Saturday, July 23, 2016

Road To The CrossFit Games: Part 4: Did The Best Athletes Make It To The Games?

Wow, what an awesome way (or annoying way if you are a Dave Castro hater) to start the games this year.  ICYMI they made the athletes meet at 3:30am on Wednesday morning and flew them up to the CrossFit Ranch in Aromas where the inaugural Games were held.  Whatever / Wherever / Whenever, amiright?  Now while I’m sitting here writing this, the women are completing Murph 2.0.  They nerfed Murph (giggle) this year by partitioning the reps, but it has still pushed these athletes to the limit – I don’t care how you split up the 600 Murph reps, you are going to face muscle failure... and then have to run another mile.  And that is amazing, because these are the top 40 fittest men and women in the world… or are they?

With only 5 spots available from each Regional, it’s very likely that some great athletes won’t be competing at the Games due to the Regional that they competed at.  There are clearly stronger Regionals that might deserve more than 5 bids, and conversely there are weaker Regionals.  In part 4 of this series I’ve been doing on the CrossFit Games, I set out to score all 8 Regionals against each other to see how well the current system did at selecting the top 40 athletes.  CFHQ has shown that they are always evolving this process, which has improved, and I believe will continue to improve.  To finish this piece I’ll take a look at some ideas to help achieve that end.


GETTING STARTED

Before we look at the scores, I tried to eliminate (or at least be conscious of) any bias that might skew the results.  I first thought there might be an advantage to the athletes that competed in the 3rd week due to them having more time to practice and strategize events.  Here are the average times / scores for each event by week:



There does appear to be some advantage, but with a small sample size, it could be due to just having a stacked Regional.  I wanted to improve this, so I eliminated the outliers by normalizing the Open scores of the athletes and considering only those within 1 standard deviation of the mean Open score.  Let’s take another look.

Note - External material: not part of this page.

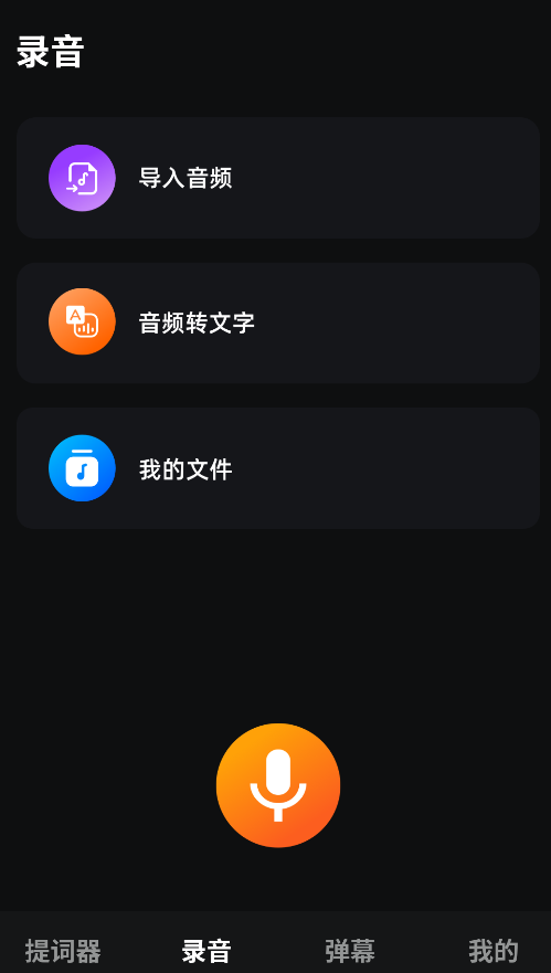 3、进入"录音与转写"界面,支持导入外部音频文件或实时录音转文字,方便快速生成台词文本。

That is a much different picture.  There is almost no improvement for the men and none for the women.

There are some other forms of bias that I cannot do anything about, such as the fact that most of these competitors didn’t actually compete against one another.  That is that an athlete might work just hard enough to win his Regional when he could’ve done better. 


SCORING

So with that out of the way, let’s talk about scoring.  For this exercise I chose to score the Regionals like the Open.  Scores for each event are rank ordered with your place in an event awarded as your score.  An athlete's overall score is equal to the sum of his/her places in each event.  The athlete with the lowest overall score is in 1st Overall Regional Place.





There are obviously other ways to attempt an overall scoring of the Regionals.  The order may change, but the point is the same.  Not all Regionals are created equal – it’s easier to make it to the games in some Regionals than others.  In a system set up the way these Regionals are, you can’t hope to get the top 40 athletes every time.  This is a problem that many sports face, and people usually write off strong divisions to seasonality – that in the long run things even out.  Where The CrossFit Games differs is that it is an open tournament with geographically based bids.  Yes, some athletes do move around, particularly in North America, but it's not the same as a free agent / draft system that seeks to prop up weaker teams.  The CrossFit Games is still young, relatively speaking, and they make changes every year.  As recently as 2014, each Region (17) held its own Regional.  In that system, the top 3 athletes qualified for the Games in many Regions, with fewer in some.  These would be the Games qualifiers in 2016 under that system:




Combining 17 Regions into 8 Regionals is a big improvement, as it lowers the error and allows strong Regions (e.g. Europe Women) to win 5 bids.  When the Europe Women previously had only 3 bids (2014), then reigning champ Samantha Briggs finished in 4th place and failed to qualify.  Under the current system she would have qualified at the expense of a likely lesser athlete from the Africa Region.  Despite the improvement, there are still some seemingly worthy athletes that didn't make the cut.  Here is a look at this years qualifiers and their Overall Regional Place:



There is definitely improvement, but still 6 women and 9 men who theoretically might be top 40 didn't qualify.  When the 13th best Regionals competitor fails to get 1 of 40 spots, there is an argument to be made for changes.


IDEAS FOR THE FUTURE

I’m certain that CFHQ is taking feedback and planning improvements without my help, but here are some ideas I have to improve the process.  As with many of the major sports (in America at least), they could consider creating wildcard bids for the best athletes who did not auto-qualify at their Regional.  To begin this could mean altering the current system by reducing auto-bids to 4 (32 total auto-bids) and adding 8 wildcard spots to be awarded to the top 8 finishers across all Regionals.  Of course to do that you also need a scoring system that can be used to compare the athletes from different regions.  You could also allocate wildcard bids to 'Super-Regionals' such as 'The Americas' and 'The World'.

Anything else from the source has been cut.